I had always thought she would marry Paul. Paul was the only surviving son—four others had died—of my dead brother Alexander, and had made one of Duncan's household from his boyhood. I had always loved Janet—and Paul was as the apple of my eye. When the two were mere children, and Duncan was still in comparatively humble circumstances, living in a semi-detached villa in the suburbs of Glasgow, I kept my brother's house for some years, he being then a widower.

I cannot say I altogether liked doing so. Having independent means of my own, I did not require to fill such a position, and I had never got on very well with Duncan. However, I dearly loved the children, although I had enough to do with them, too. Janet was one of the prettiest, merriest, laughing little creatures—with eyes the colour of the sea in summer-time, and a complexion like a wild-rose—the sun ever shed its light upon; but she had a most distressing way of tearing her frocks and of never looking tidy, which Duncan seemed to think entirely my fault; and as for Paul, he certainly was a most awful boy.

He was fair as Janet, though with a differently-shaped face; rather a long face, with a square, determined-looking chin; and, besides being one of the handsomest, was assuredly one of the cleverest boys I ever knew. He had a good, sound, strong Scotch intellect, and was as sharp as a needle, or any Yankee, into the bargain.

But he would have his own way, whatever it was, and was often mischievous as a fiend incarnate; and in his contradictory moods, would have gone on saying black was white all day on the chance of getting somebody to argue with him. Duncan paid no attention whatever to the lad, except, from time to time, to speculate what particular bad end he would come to.

But I loved Paul, and Paul loved me—and adored Janet.

The boy had one exceedingly beautiful feature in his face: sometimes I could not take my eyes from it; I used to wonder if it could be that which made me love him so much—his mouth. I have never seen another anything like it.

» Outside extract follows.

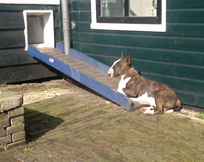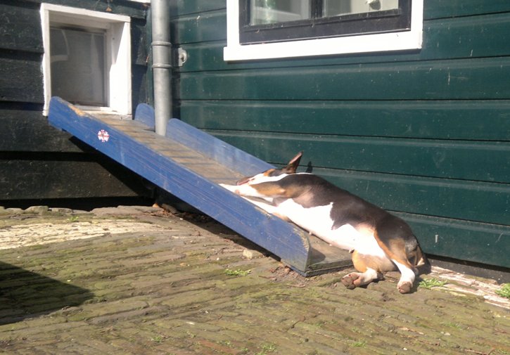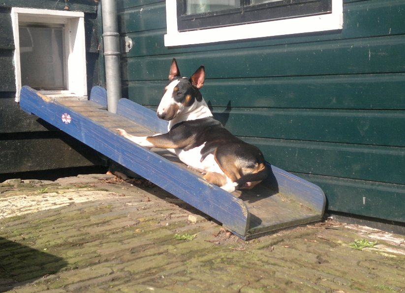 Ook Tess vindt het loopplankje naar het hondendeurtje wel een lekker warm beschut plekje...

The steady, strong, and yet delicate lips—so calm and serious when still, as to make one feel at rest merely to look at them; but when in motion extraordinarily sensitive, quivering, curving, and curling in sympathy with every thought.

I loved both children; but perhaps the reason that made me love Paul most was—that whilst I knew Janet's nature, out and in, to the core of her very loving little heart, Paul's often puzzled me.

There was not much in the way of landscape to be seen from that villa in the suburbs of Glasgow; but we did catch just one glimpse of sky which was not always obscured by smoke, and I have seen Paul, lost in thought, looking up at this patch of blue, with an expression on his face—at once sweet and sorrowful—so strange in one so young, that it made me instinctively move more quietly, not to disturb him, and set me wondering.

However, what with one thing and another, I was not by any means heart-broken when Duncan married again—one of the kindest women in the world; I can't think what she saw in him—and thus released me.

So the years flew on—and the wheel of fortune gave some strange turns for Duncan. By a series of wonderfully successful speculations he rapidly amassed a huge fortune.